**YOUR ASSIGNMENT**
Reproduce the listing in full, pictures excluded.
START INFORMATION SHOWN
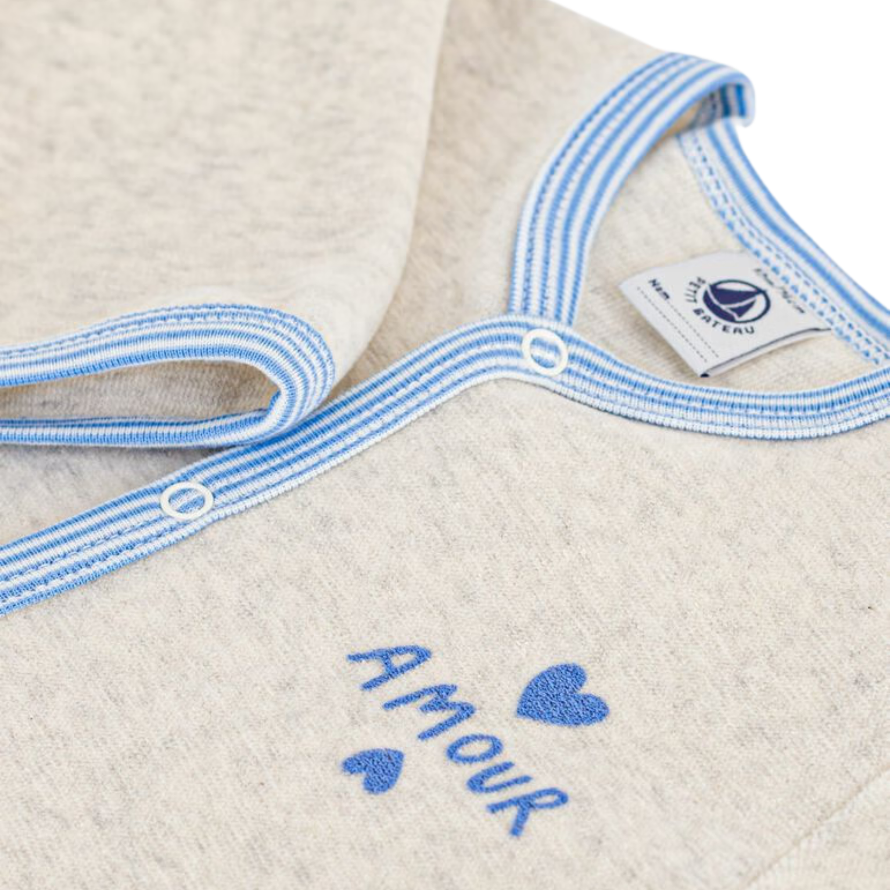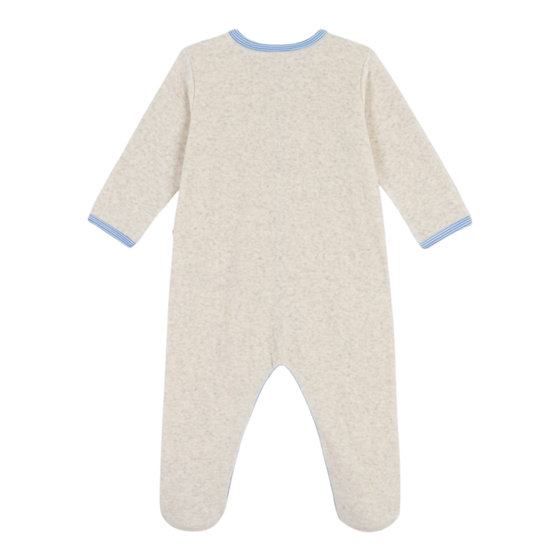 Discover the Petit Bateau Baby Boy Velour Footie in Oatmeal with blue trim, crafted from soft velour for cozy comfort. A timeless essential for sleep, cuddles, and everyday moments.
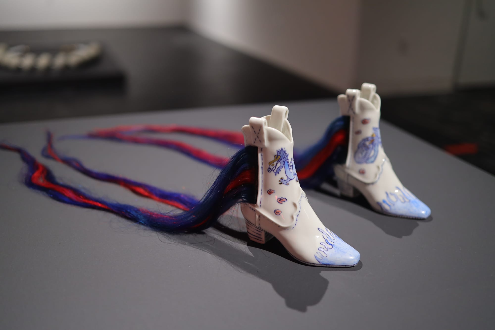 The exhibition space is filled with the haunting, rhythmic sounds of gently clattering porcelain. The video “Tame” (2021) shows the artist holding a basket of porcelain “China girl” figurines, her hair braided into the shape of a horse bridle. Each time that Datchuk’s hair is pulled by someone off screen, the figurines in her basket rattle. Soft as it may be, the sound takes on the urgency of a ticking time bomb as the delicate porcelain figures threaten to finally shatter, and as the artist’s neck and head jerk backwards time and time again. Hair-pulling is something that many young girls have experienced, and in adulthood, it has connotations of sexual dominance. But it also refers to the larger forces that try to ‘tame’ us, ‘break’ us, or hold us back.
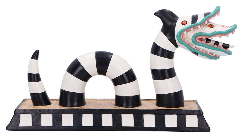 The Beetlejuice Sandworm Figurine is a must-have collectible for fans of Tim Burton’s cult classic. Featuring intricate hand-painted details, a bold black and white striped design, and the creature’s signature dual heads, this figurine is made from high-quality resin and features a stable display base. It’s packaged in a vibrant, officially licensed Beetlejuice box, perfect for display or gifting. Ideal for horror enthusiasts, movie buffs, and collectors of quirky pop culture, this figurine adds a spooky touch to any shelf. Bring home a piece of the Neitherworld and show off your love for all things strange and unusual.
END INFORMATION SHOWN
**THE COMPLETED TASK**
 Discover the Petit Bateau Baby Boy Velour Footie in Oatmeal with blue trim, crafted from soft velour for cozy comfort. A timeless essential for sleep, cuddles, and everyday moments.
 The exhibition space is filled with the haunting, rhythmic sounds of gently clattering porcelain. The video “Tame” (2021) shows the artist holding a basket of porcelain “China girl” figurines, her hair braided into the shape of a horse bridle. Each time that Datchuk’s hair is pulled by someone off screen, the figurines in her basket rattle. Soft as it may be, the sound takes on the urgency of a ticking time bomb as the delicate porcelain figures threaten to finally shatter, and as the artist’s neck and head jerk backwards time and time again. Hair-pulling is something that many young girls have experienced, and in adulthood, it has connotations of sexual dominance. But it also refers to the larger forces that try to ‘tame’ us, ‘break’ us, or hold us back.
 The Beetlejuice Sandworm Figurine is a must-have collectible for fans of Tim Burton’s cult classic. Featuring intricate hand-painted details, a bold black and white striped design, and the creature’s signature dual heads, this figurine is made from high-quality resin and features a stable display base. It’s packaged in a vibrant, officially licensed Beetlejuice box, perfect for display or gifting. Ideal for horror enthusiasts, movie buffs, and collectors of quirky pop culture, this figurine adds a spooky touch to any shelf. Bring home a piece of the Neitherworld and show off your love for all things strange and unusual.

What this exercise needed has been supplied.